The small 1981 sleep study reported no daytime sedation or other side effects in six chronic insomniacs, but that sample size is far too small to establish safety[10 ]. The 1987 crossover study did not establish a modern adverse-event profile[11 ].

FDA’s compounding safety concerns include potential immunogenicity, peptide-related impurity concerns, and API-characterization complexity[7 ]. These issues are especially relevant for injectable products and for products sold online as research peptides.

Theoretical risks

Theoretical concerns include sedation, paradoxical arousal, neuroendocrine effects, interactions with hypnotics or psychiatric medications, and impairment in activities requiring alertness. These concerns are plausible based on the target domain but not quantified in modern clinical studies.

Long-term safety data are insufficient.

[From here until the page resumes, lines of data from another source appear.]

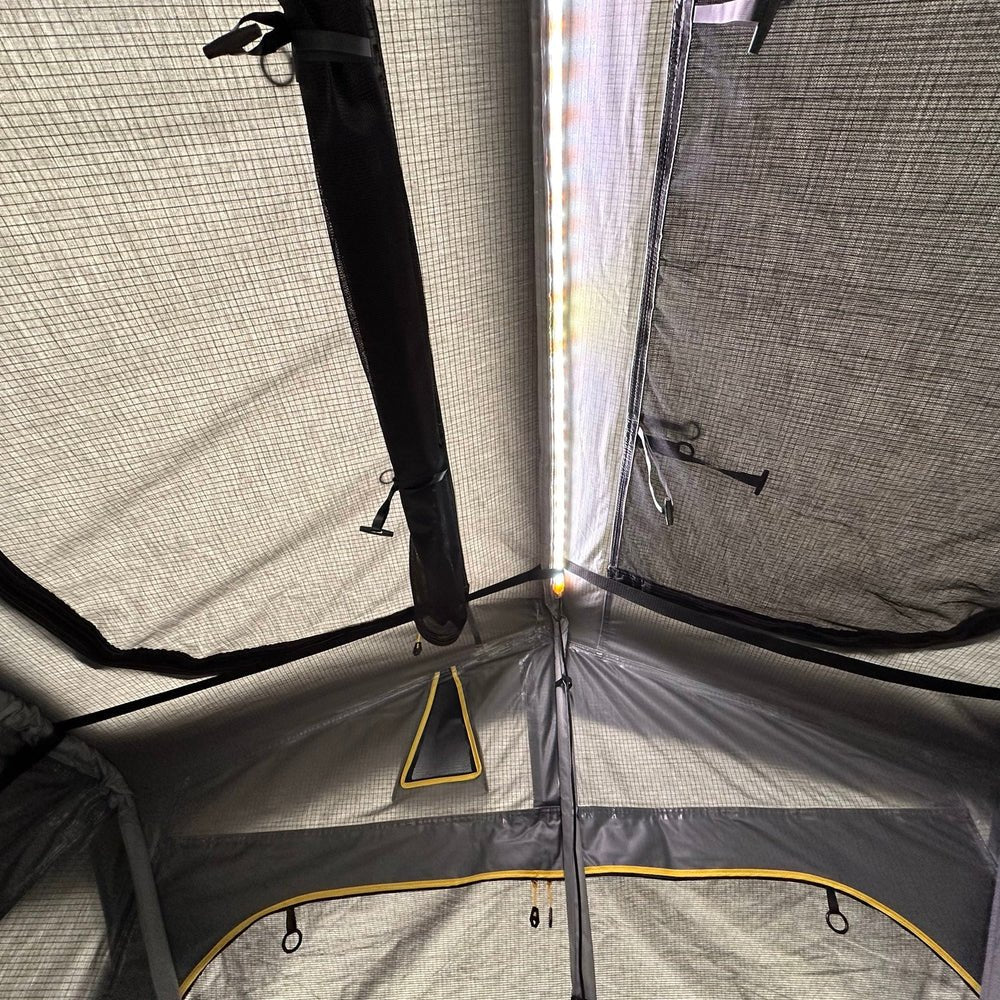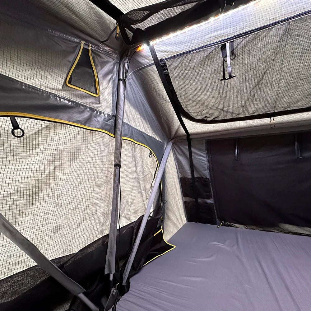 Ambience in the roof tent: The LED lights are integrated into the interior of the roof tent and can be conveniently operated via a dimmable switch and switched between three different colors.
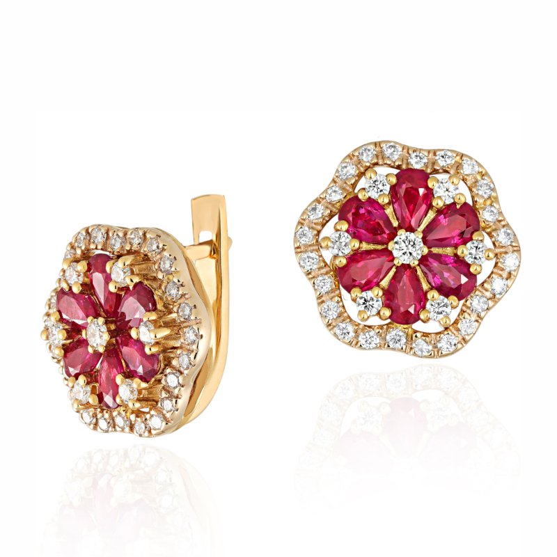 Серьги-цветы из комбинированного золота 750 пробы с рубинами и бриллиантами — часть премиальной коллекции Garden. Каждый лепесток великолепного цветка — это рубин огранки «груша», сияющий ярче в окружении прозрачных природных бриллиантов. Все камни тщательно подобраны по цвету и качеству огранки, чтобы создать украшение высокого стиля, совершенное по форме.
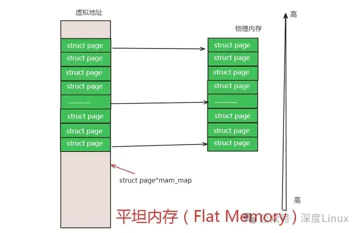 在这种模型下,内核运用一个全局的 mem_map 数组来精心管理整个物理内存,如同一位严谨的图书管理员,将每一页物理内存都按照顺序在 mem_map 数组中安排得井井有条,数组的下标即为对应的物理页框号(PFN)。举例来说,若系统的物理内存从地址 0 开始,依次递增,毫无间断,那么 PFN 为 0 的物理页,恰好对应 mem_map 数组的第 0 个元素,以此类推,这种一一对应的线性关系使得内存管理变得直观易懂。
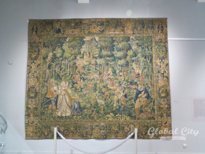 На нескольких стенах зала можно увидеть шпалеры – безворсовые настенные ковры с сюжетными изображениями. Одной из них более шестисот лет – «Охоту на оленя» соткали из шерсти, шелка и золоченных нитей в Германии в XV веке, а «Охоту на буйвола» во Фландрии в XVI веке.
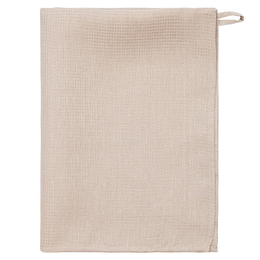 Набор из двух вафельных полотенец бежевого цвета для кухни из коллекции Essential – отличный вариант для ценителей спокойных природных оттенков. Изделия изготовлены из умягченного льна, который хорошо впитывает влагу и быстро сохнет. Как известно, лен не только прекрасно смотрится в интерьере, но и предотвращает развитие бактерий, что особенно актуально для кухни и столовой. Полотенце можно повесить на крючок, благодаря удобной петельке.
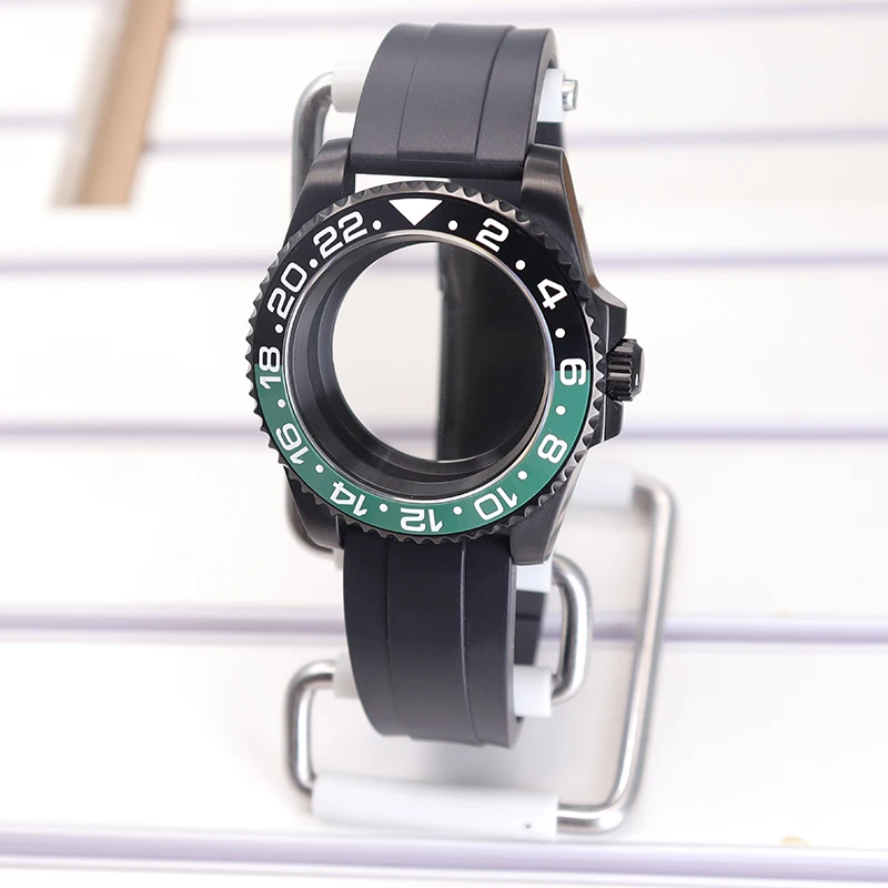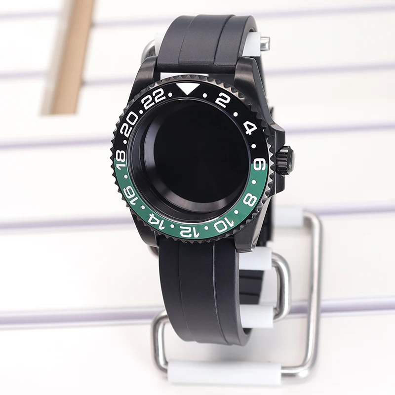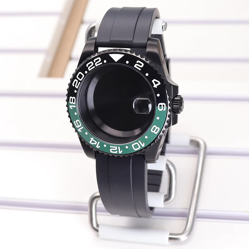 Experience the ultimate in durability and style with this 40mm black stainless steel watch case designed for versatile customization. Crafted from premium 316L stainless steel with a sleek black finish, it combines robustness with modern aesthetics. The sapphire crystal glass ensures exceptional scratch resistance and clarity, while the 100-meter water resistance allows active use in various environments. Compatible with popular movements like NH34, NH35, NH36, NH38, Miyota 8215, and ETA 2824, it comfortably fits 28.5mm dials for a perfect fit. The case features a screw-in crown for enhanced water resistance, broad 20mm rubber straps, and the option for a transparent or solid case cover. This set includes all necessary components for a seamless assembly, making it ideal for crafting your custom timepiece.

There is no large postmarketing database, no FDA label, and no contemporary randomized trial program adequate to characterize rare or delayed harms.

Available through

DSIP is not currently available through routine FDA-compliant prescription or compounding channels in the United States as of 2026-05-05[27 ]. It is not FDA-approved, is not on the 503A or 503B bulks lists, and awaits PCAC review scheduled for July 24, 2026[2 ,4 ].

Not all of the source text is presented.